How can a simple std::cout << "---" << std::endl; alter how UB manifests?

Question

Some background

Today I saw, in the body of a function kaboom, a local shared_ptr pointing to a *global object and, being captured by reference and its pointee returned by reference by a lambda, i.e. [&local]() -> auto& { return *local; }; this lambda was stored somehow for further use after the function kaboom returned.

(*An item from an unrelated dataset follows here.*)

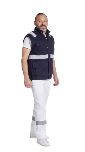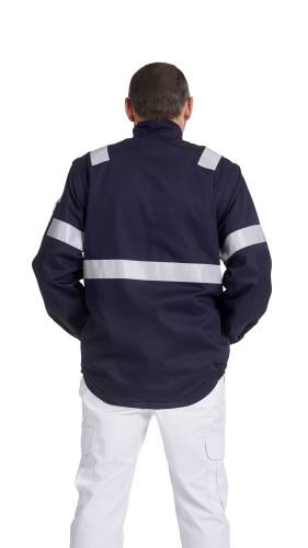 Blouson ambulancier 65% polyester, 35% coton 245 g/m². Fermeture par zip recouvert d'une patte pressions, 5 poches dont 3 à rabat fermées par velcro, 1 poche stylo sur manche gauche, doublure polaire amovible, manches démontables, dos liquette, renforts coude, poignets fermés par pressions, bande rétro-réfléchissantes de 30 mm, longueur 80 cm.
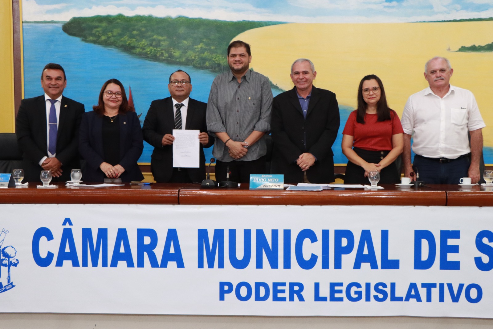 Silvio Neto, presidente da Câmara Municipal de Santarém, conduziu os trabalhos e falou sobre a alegria deste momento. “A gente recebeu,oficialmente, de acordo com o que reza o regimento da Casa, o primeiro suplente do vereador Aguinaldo Promissória, que infelizmente já não está mais entre nós. Mas os trabalhos precisam seguir e este Poder acolhe com muito carinho o mais novo vereador”, ressaltou.

As soon as I saw this, I thought the code was invoking undefined behavior. I tried to make a minimal example to support my claim, and came up with the following.

#include <iostream>
#include <memory>
#include <functional>
#include <vector>

struct Resource {
    const int i{3};
};

std::shared_ptr<Resource> global = std::make_unique<Resource>();

auto getSharedStuff() {
    return global;
}

std::vector<std::function<Resource&()>> actions{};

void kaboom() {
    std::shared_ptr<Resource> local = getSharedStuff();
    actions.push_back([&local]() -> auto& { return *local; });
}

int main() {
    kaboom();
    std::cout << global->i << std::endl;
    std::cout << actions[0]().i << std::endl;
}

The simple fact that the 2 couts give 3 and 0 respectively is proof for me that I'm observing UB (3 is correct, and 0 could have been anything, including 3, but I've been lucky that it was not 3, so the UB is well manifest).

Good.

The code I'm curious about

But before getting there, an intermediate version of the repro above was this:

#include <iostream>
#include <memory>
#include <functional>
#include <vector>

struct Resource {
    Resource(Resource const&) = delete;
    Resource(Resource&&) = delete;
    Resource() { std::cout << this << "'s ctor" << std::endl; }
    ~Resource() { std::cout << this << "'s dtor" << std::endl; }
    void operator()() { std::cout << this << "'s operator()" << std::endl; }
};

std::shared_ptr<Resource> global = std::make_unique<Resource>();

auto getSharedStuff() {
    return global;
}

std::vector<std::function<Resource&()>> actions{};

void kaboom() {
    std::shared_ptr<Resource> local = getSharedStuff();
    actions.push_back([&local]() -> auto& { return *local; });
}

int main() {
    kaboom();
    std::cout << "---" << std::endl;
    actions[0]()();
}

which can result in this output

0xc602b0's ctor
---
0x7f0f48f7f4a0's operator()
0xc602b0's dtor

I'm kind of ok with this, as actions[0]()() is dereferencing a destroyed shared_ptr and calling operator() on the screwed up result, so I accept that this can be screwup too.

What's funny, though, is that removing std::cout << "---" << std::endl; makes UB less manifest, as the output becomes something like this:

0xce92b0's ctor
0xce92b0's operator()
0xce92b0's dtor

So my question is: how can a "simple" line as std::cout << "---" << std::endl; affect this way the manifestation of UB?